EXERCISE REQUIREMENTS
Omit all pictures, then repeat the listing exactly.

DATA SHOWN
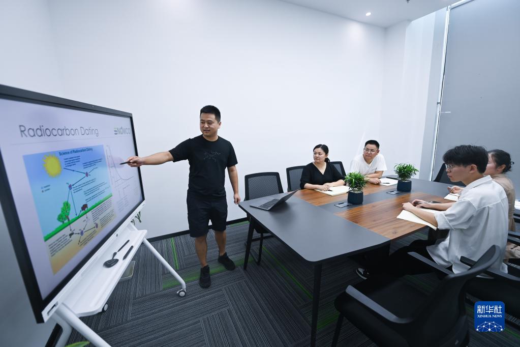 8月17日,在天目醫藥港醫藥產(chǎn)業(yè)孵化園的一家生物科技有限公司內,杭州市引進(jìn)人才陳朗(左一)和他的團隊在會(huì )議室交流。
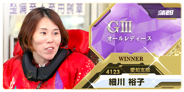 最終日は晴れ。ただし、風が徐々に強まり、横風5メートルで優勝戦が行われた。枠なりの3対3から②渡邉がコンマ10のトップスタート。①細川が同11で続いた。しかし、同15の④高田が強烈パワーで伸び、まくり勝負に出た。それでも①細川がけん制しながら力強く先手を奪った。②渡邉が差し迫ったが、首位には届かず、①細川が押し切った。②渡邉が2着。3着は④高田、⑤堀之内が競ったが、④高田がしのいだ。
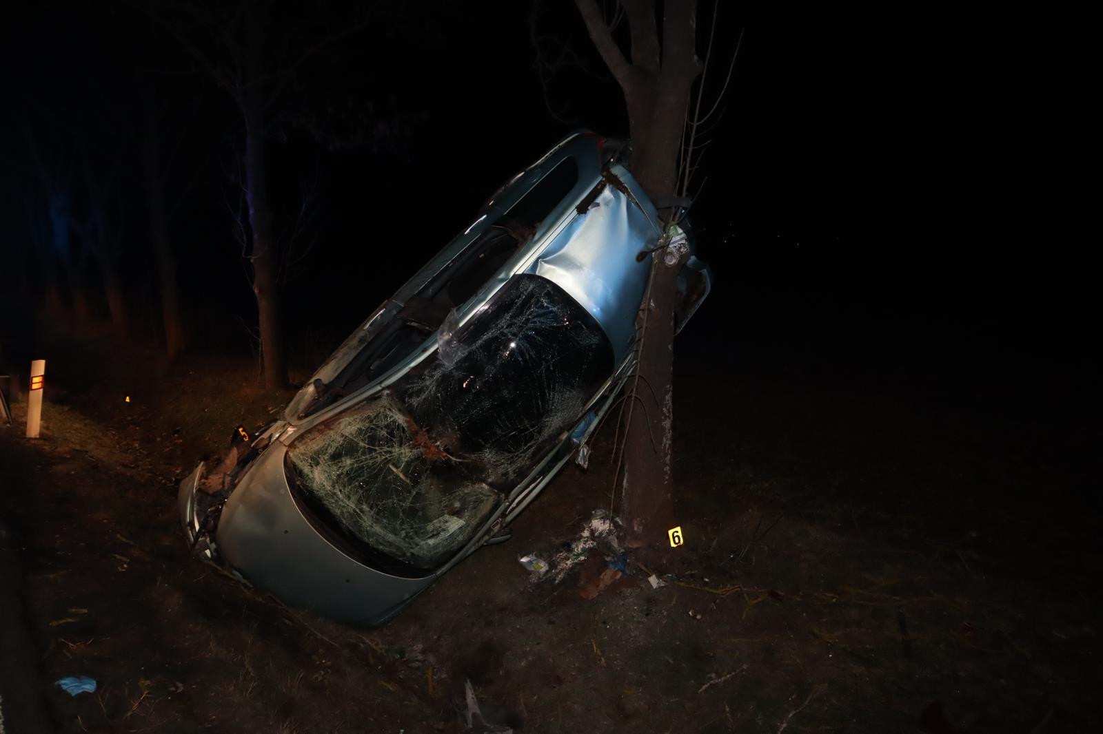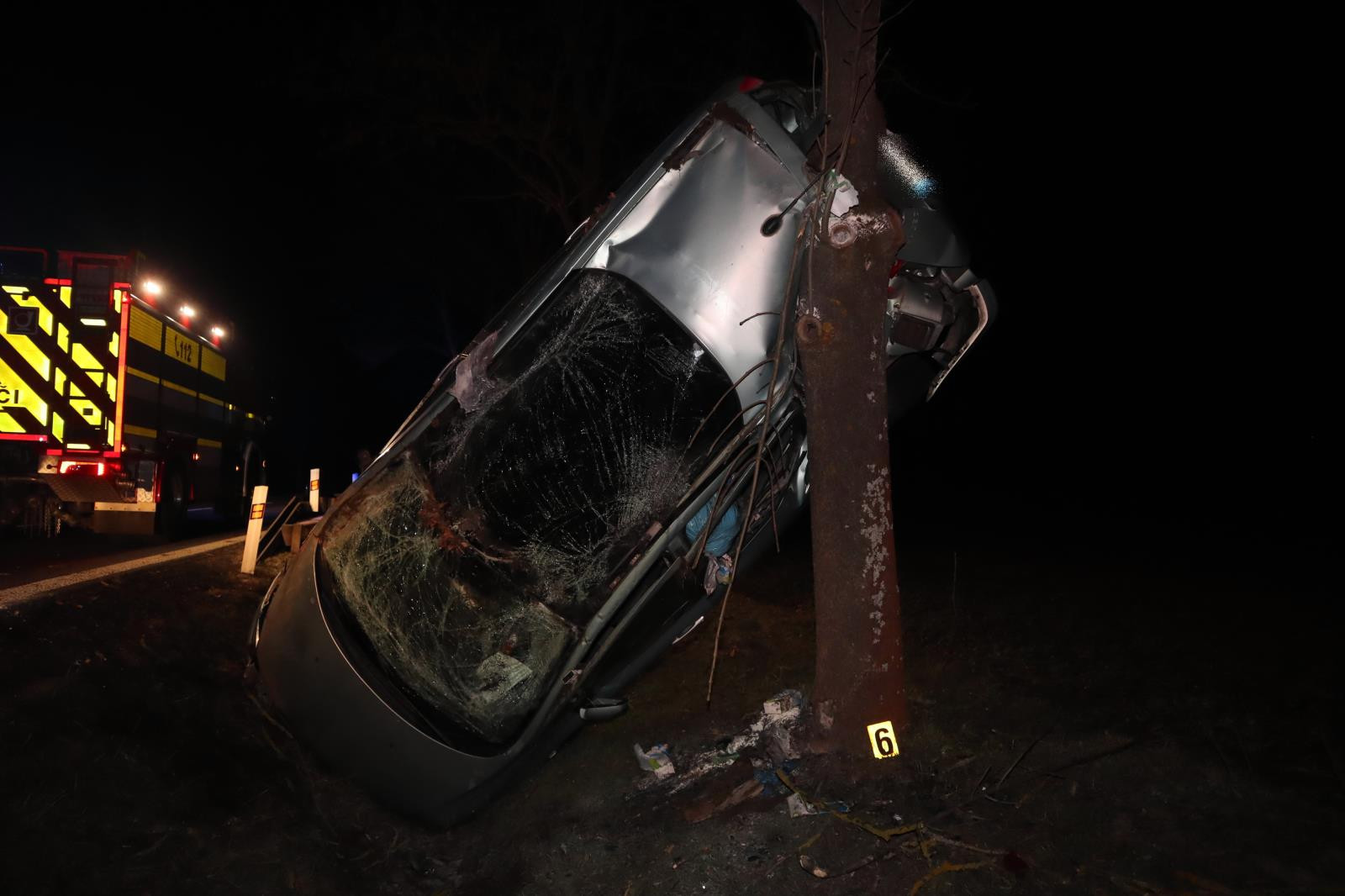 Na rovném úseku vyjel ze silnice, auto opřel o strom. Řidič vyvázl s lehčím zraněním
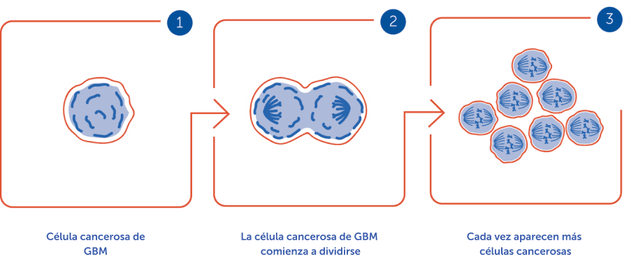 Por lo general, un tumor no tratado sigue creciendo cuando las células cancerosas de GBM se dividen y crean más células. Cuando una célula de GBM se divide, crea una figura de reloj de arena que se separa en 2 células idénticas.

SOLUTION
 8月17日,在天目醫藥港醫藥產(chǎn)業(yè)孵化園的一家生物科技有限公司內,杭州市引進(jìn)人才陳朗(左一)和他的團隊在會(huì )議室交流。
 最終日は晴れ。ただし、風が徐々に強まり、横風5メートルで優勝戦が行われた。枠なりの3対3から②渡邉がコンマ10のトップスタート。①細川が同11で続いた。しかし、同15の④高田が強烈パワーで伸び、まくり勝負に出た。それでも①細川がけん制しながら力強く先手を奪った。②渡邉が差し迫ったが、首位には届かず、①細川が押し切った。②渡邉が2着。3着は④高田、⑤堀之内が競ったが、④高田がしのいだ。
 Na rovném úseku vyjel ze silnice, auto opřel o strom. Řidič vyvázl s lehčím zraněním
 Por lo general, un tumor no tratado sigue creciendo cuando las células cancerosas de GBM se dividen y crean más células. Cuando una célula de GBM se divide, crea una figura de reloj de arena que se separa en 2 células idénticas.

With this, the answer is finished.